Statistics in R - Part-1 : Basics of R

This post is the first part of the series on Statistics in R. This series mainly targeted for the people who are completely new to the programming and want to learn how to apply Statistics methods in R.

In this part, we will cover basics of R, particularly
1. Data types in R
2. Data structures in R
3. Basic Operations in R


First of all, you need to install R on your system. You can download R Studio and install it. The link to download R Studio is here.

1. Data types in R

Just think about your dataset (or a dataset containing records of students). What kind of data it has?. It could be numbers (e.g. age, marks) or characters (e.g. name, address) or true/false values, etc, Now to store this different type of data, R uses the concept of data types. R basically has five different basic data types

  • Numeric
  • Character
  • Logical
  • Complex
  • Raw

Now, we will further explore these data types one by one.

1.1 Numeric

Let's begin with Numeric. This data type used to store numbers (e.g. integers and decimals). Let's say we want to store 10 in a variable a (What is variable? It is the name of a location in the memory). For this task, we will use <- assignment operator in R. In the left-hand side of <-, we will specify the name of a variable and on the right-hand side, we will specify the value. The statement is given in the following code.

> a<-10
> typeof(a) 
[1] double

The above code will create a variable and store 10 in it. When you execute the second statement typeof(a), it will show the data type of a which is "double". This data type is for storing decimal and by default R stores numeric data as Double. That means your integer data also stored as Double data type until you explicitly specify L at the end of the integer number.
For example, instead of a<-10 we will write a<-10L.

> a<-10L
> typeof(a)
[1] integer

By default all numbers are treated as double by R.

1.2 Character

Datasets usually contain information e.g. address, name, etc. This kind of data treated by R as the character data type. To store such data, we need to enclose the data within single or double quotes (e.g. "Ram" or 'Ram').

> name<-"Ram"
> typeof(name)
[1] character

1.3 Logical

For this datatype, think about a condition e.g. 10 < 15 (is it true or not? the answer is true). To store such kind of information R uses logical data type. There are two values of logical data type- TRUE and FALSE.
When you run the following instructions, it will show TRUE.

> 10 < 15 
[1] TRUE
> a <- TRUE
> typeof(a)
[1] logical

1.4 Complex

This datatype allows us to store complex numbers. You rarely encounter this type of data in your dataset. Still it is good to know about it. Complex number basically contain two parts, real and imaginary. It is denoted as a+bi where a represents real part and b represents imaginary part.

> c <- 10 + 15i
> typeof(c)
[1] complex

1.5 Raw

We will not discuss it in depth. Following is a simple example of this data type

> r <- raw(10)
> typeof(r)
[1] Raw

2. Data Structure

In the above section, we have discussed different basic data types used in R. This section will explore how data can be stored in R. Let's understand it with an example. Let's say we want to store the salary of 10 employees. One option could be creating ten variables and store salary in those variables.

employee1 <- 2000  
employee2 <- 2500  
employee10 <- 3000  

The above strategy is not a feasible option for real-life dataset. To deal with this issue, we need a way which allows us to store our data in an easier way. Additionally, it also allows us an easier way to access and update that data. Here comes the role of data structure.

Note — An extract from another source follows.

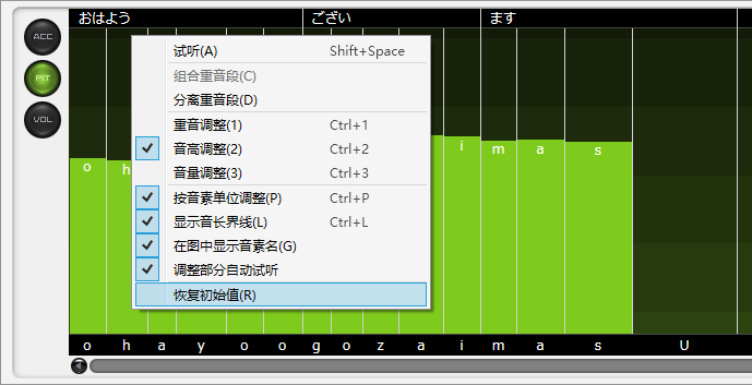 选择音素图右键的「恢复初始值」,可以将重音、音高、音长和音量恢复到调整前的状态。

R offers the following data structure to store our data. We will cover each one of them with the help of an example.

  • Vector
  • List
  • Matrix
  • Data frame
  • nd-Array
  • Factors

2.1 Vector

Vector structure used to store multiple data of same data type. Usually, an attribute in a dataset contains data of the same type. In that sense, you can think each attribute stored as a vector.

Let's begin with our example of the employee's salary. In the following subsection, we will create a vector and access it.

Create a vector
To create a vector just pass the values in the c() function. You can check the number of elements stored in the vector using length() function.

> salary <- c(100000,200000,150000)
> length(salary)
[1] 3
> typeof(salary)
[1] "double"

Generate a vector
You can also generate a vector of sequence of numbers e.g. 1 to 100. For that, you can simply use : operator or seq() function. With : operator, we need to specify start and end of the sequence. While with seq() function, we also need to specify the step size (difference between two consecutive numbers).

> a <- 1:100
> length(a)
[1] 100
> b <- seq(1,100,1)
> length(b)
[1] 100
> c <- seq(1,100,2)
> length(c)
[1] 50

Access items from vector
You can access any item from the vector using integer index (Index: it is just the location of a number e.g. in the following example item 10 stored as the first item, therefore, it's location is 1). The first item of the vector is considered as index 1 and so on. You can access an item from the vector using []. In the following example, we are accessing the second, first, and the fifth element from the vector.

> a <- c(10,20,30,40,50)
> a[2]
[1] 20
> a[1]
[1] 10
> a[5]
[1] 50

Important Note: When you try to store numeric and character data into a vector, it would allow you to do that. However, R will convert that data into a single data type from stored elements which can store both of them.

> a <- c(10,20,"hello","English",TRUE)
> type of(a)
[1] "character"

In the above code, we have created a vector with three different types of data (numeric, character, logical). However, when we checked the type of vector, it showed "character" which means all data is stored as character type.

2.2 List

You can consider List as a generic form of Vector. It means you can store different types of data in List.

Let's create a list with three different types of data.

> a <- list(10,20,"hello","English",TRUE)
> type of(a)
[1] "list"

Accessing the data
It is a bit tricky. Here, the use of [] to access data from the list will return a list itself. Let's understand it with an example.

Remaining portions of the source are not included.